I argued about stats a few times with my mom, I work in data & analytics, I try to be calm and measured and explain things. She’s not receptive. I'm obviously not very persuasive. She told me there’s a battle between good and evil, and that Trump is on the side of good. Don’t think there’s any convincing her, so I’ve backed off. Her being on her own so long after my dad dying obviously makes her susceptible to the empty promises of a con man in my opinion. I have never said that to her. I love her, she did an amazing job raising me, she is an amazing grandmother to my kids (when she’s not telling them the moon landing is fake). I treat her with love and empathy as she ages. I am a year away in age to how old (read: young) my dad was when he died. Life is too short to argue with your mom about politics, I want to enjoy the hopefully decades remaining of her in my and my family’s lives.
This post is not my manifesto on Trump. I will simply say, I oppose Trump on form and substance. On substance: I am pro-free trade and anti-protectionism. On form: I am pro-clear communication and anti-obfuscation. I might add details to this post over time if need be.
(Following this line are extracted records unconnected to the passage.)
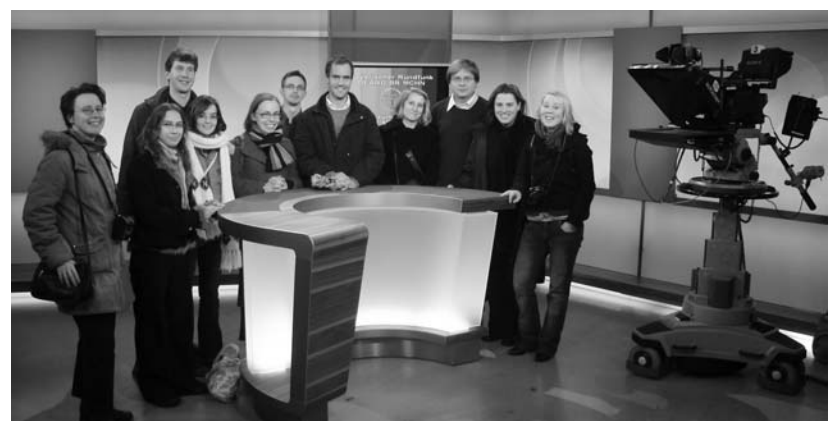
Próbafelvétel a résztvevők egy csoportja

Egy másik fontos impulzust jelentett a Bayerischer Rundfunknál – a bajor médiaközpontnál – tett látogatás, ahol Rüdiger Baumann televíziós műsorvezető és szerkesztő a jó kapcsolatok fontosságát a következő példával illusztrálta: „Amikor egy bevásárlóközpontban kell fil-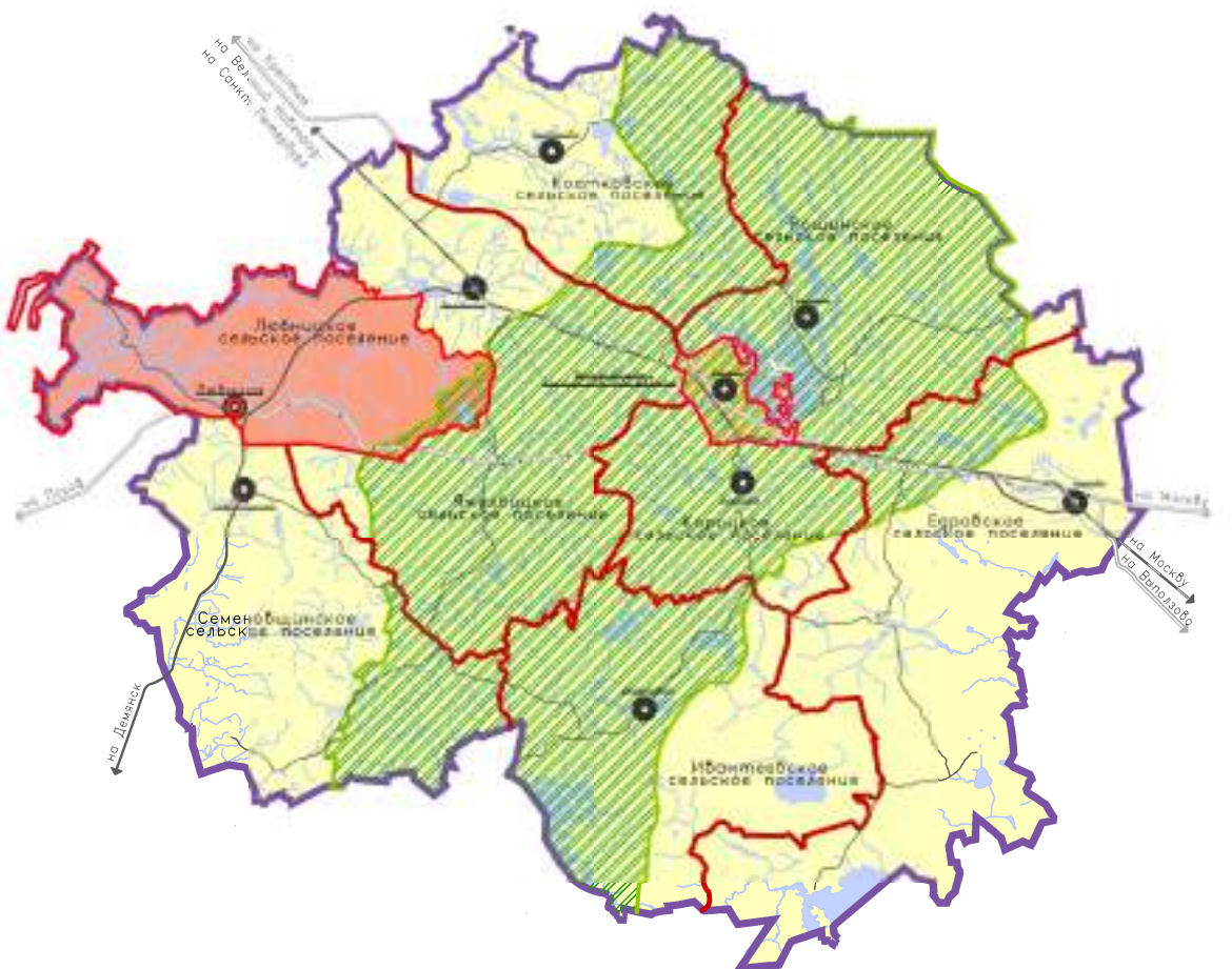
Схема расположения Любницкого сельского поселения в системе Валдайского муниципального района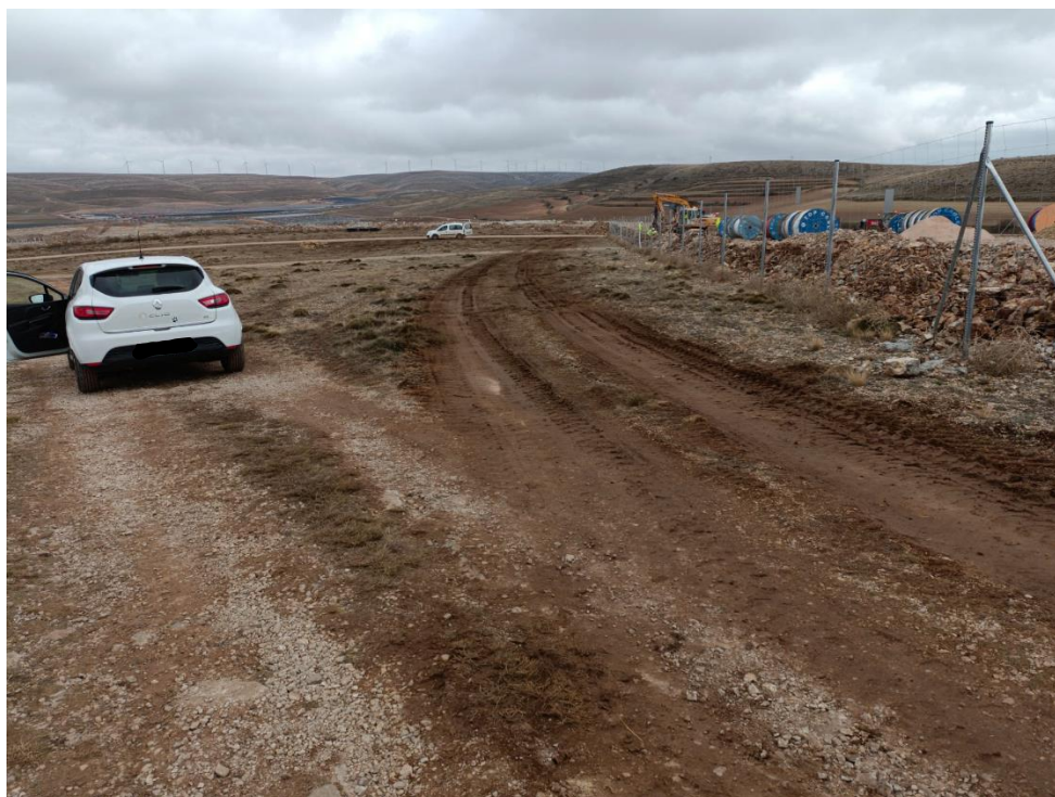
Ilustración 2. Apertura de vial no autorizado por tránsito inadecuado junto al vallado de la zona 5

And maybe I’ll write that manifesto some day, just not today.
I hope this helps. Maybe it will help one or two who happen to read it. It certainly helped me to write.
Update 3:12p
Although I’m not writing my Trump manifesto, rereading what I wrote a few hours later, I realize I could elaborate a bit.
During Trump’s first term, I felt “the resistance” overblown, the obsession of not “normalizing” him misguided, the obsession with Russia dumb, even if Russia spent a few hundred thousand dollars on Facebook ads, I wasn’t going to get worked up about it. The accusations of him being a Russian asset came across as desperate and absurd.
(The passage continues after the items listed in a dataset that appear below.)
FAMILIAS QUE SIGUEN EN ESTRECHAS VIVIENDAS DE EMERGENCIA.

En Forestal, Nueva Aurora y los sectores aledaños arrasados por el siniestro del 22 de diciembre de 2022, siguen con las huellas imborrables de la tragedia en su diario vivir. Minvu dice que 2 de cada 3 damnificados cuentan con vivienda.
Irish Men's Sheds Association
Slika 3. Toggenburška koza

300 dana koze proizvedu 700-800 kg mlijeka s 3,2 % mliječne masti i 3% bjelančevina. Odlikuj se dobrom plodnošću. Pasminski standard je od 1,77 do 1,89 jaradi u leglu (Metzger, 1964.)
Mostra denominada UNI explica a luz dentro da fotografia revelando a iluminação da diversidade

My model of Trump is one of the diva wide receiver. You know, the guy that goes for 1500 yards, 100 catches and 15 TDs, but won’t keep his mouth shut. Fans are like, he’d be perfect if he just shut up and played ball. Thing is, the production and the talking go hand in hand. It made him who he is, you have to accept tthe diva WR for who he is, warts and all. Most of the fans tolerate his antics to get his production, I assume there’s a minority amused by his antics. Trump is the diva WR of politicians, the antics are part of it, you can’t wish those away as a fan of his. And I’m sure many of his fans enjoy the antics anyway.
I voted against him in 2020 because I still found his policies incoherent and his management style chaotic. On January 6, I was busy working, I really wasn’t paying attention. My wife told me about it when I got home. I probably read a few articles, watched a few videos, and moved on with my life.
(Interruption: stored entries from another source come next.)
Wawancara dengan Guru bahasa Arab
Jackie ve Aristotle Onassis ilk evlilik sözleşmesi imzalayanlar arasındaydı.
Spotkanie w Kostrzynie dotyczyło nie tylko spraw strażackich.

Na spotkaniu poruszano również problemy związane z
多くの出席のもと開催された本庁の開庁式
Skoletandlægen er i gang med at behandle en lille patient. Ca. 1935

Without giving it too much thought, my initial reaction was the accusations of insurrection were absurd, it was likely a protest, turned riot, turned dumb trespassing, not some realistic attempt to overthrow the government. I figured the environment of the summer of 2020 raised the temperature of protest in this country, and Jan 6 likely wouldn’t have escalated had it not been for BLM’s precedence. Granted, I still thought Jan 6 rioters were dumb, and storming the capital was worse than most of the BLM stuff.
Preparing for the 2024 election, I can’t believe I was too busy with work and family to have paid attention to what Trump was doing in Nov 2020 to Jan 2021. The fake elector plot was the worst part. Anyone that thinks it was anything like Hawaii 1960 is being intentionally ignorant. And I realize what a heroic act Pence performed, and how JD Vance pledged to do the opposite. And I started to rethink all my casual acceptance of Trump’s nonsense. I came to view his actions after losing the 2020 election as unpatriotic. A true patriot would have conceded the results and moved on. He continues to claim, without evidence, that he won the 2020 election. And for that, I cannot support him.